Second, although one eye was included only once, both eyes of some patients were included for grading system establishment in this study. Third, several outlier cases showed a low correlation between the prediction value and the ground truth. There may have been misdetections of tear break up, low contrast, dense PEE, segmentation grid edge, and light reflex. The internal dataset included 16 cases of misdetection: 6 cases of tear break-up, 4 cases of low contrast, 4 cases of dense PEE, 1 case of segmentation grid edge, and 1 case of light reflex. Meanwhile, the external dataset included 7 cases of misdetection: low contrast (2), tear break-up (2), dense PEE (1), segmentation grid edge (1), and light reflex misdetection (1). Third, the images used in model training were obtained from a single institution. The dataset used for model training should include images from multiple institutions to ensure model reproducibility and consistency in results. In addition, previous study [35] indicated that the use of yellow cut-off filters to remove external blue light is critical for the optimal visualization of ocular surface staining and improve the sensitivity and specificity of diagnosis. Therefore, to improve the performance of the proposed system, training the corneal segmentation model and PEE candidate region classifier using a yellow cutoff filter should be further studied. Also, this study was conducted in a single institution with same camera. Multicenter study is needed to further validate the grading system. Furthermore, extracting PEE candidate region can exclude some area where PEE might exist. Previous studies [19, 20] regarding the evaluation of PEE also have the same limitations. In clinical practice, it is difficult to calculate the NEI score by applying a constant grid using only slit-lamp examination. Thus, despite these limitations, the current system has clinical value because it can automatically apply a grid to the cornea and calculate scores by simply inputting fluorescein-stained corneal images into the system. Particularly, this system can be applied to dry eye clinical trials where objective measurement is important or to multicenter studies that need to reduce interobserver variation.

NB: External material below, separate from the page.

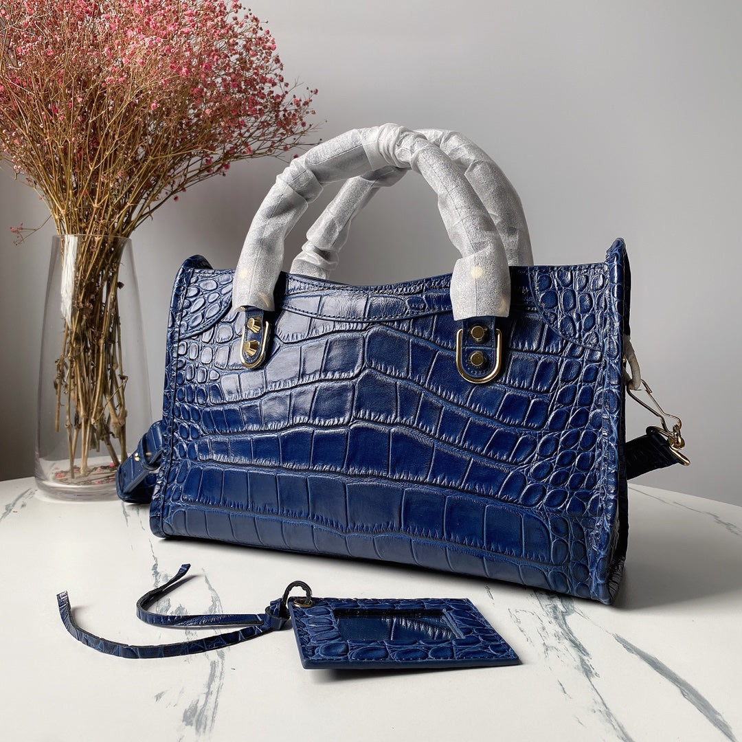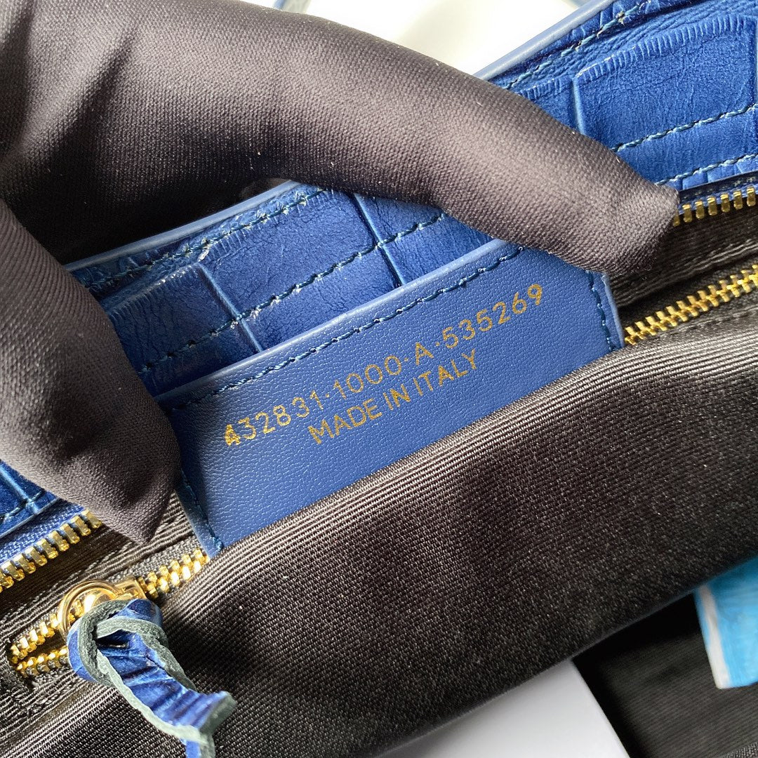Introducing the Balenciaga Crocodile Pattern Biker Bag in a striking royal blue. Crafted from luxurious crocodile-effect calfskin, this high-quality motorcycle bag features a hand-stitched handle for added elegance.

In conclusion, a fully automated deep learning-based grading system for dry eye severity was developed and was able to evaluate the CFS score with accuracy as high as that of expert ophthalmologists. With this system, a more reliable and reproducible method for DED severity grading can be achieved. In addition, this system can be used in the future to reduce human error and in clinical trials or multicenter studies.

Supporting information

S1 Table. Agreement of CFS score based on NEI scale among investigators after consensus meeting.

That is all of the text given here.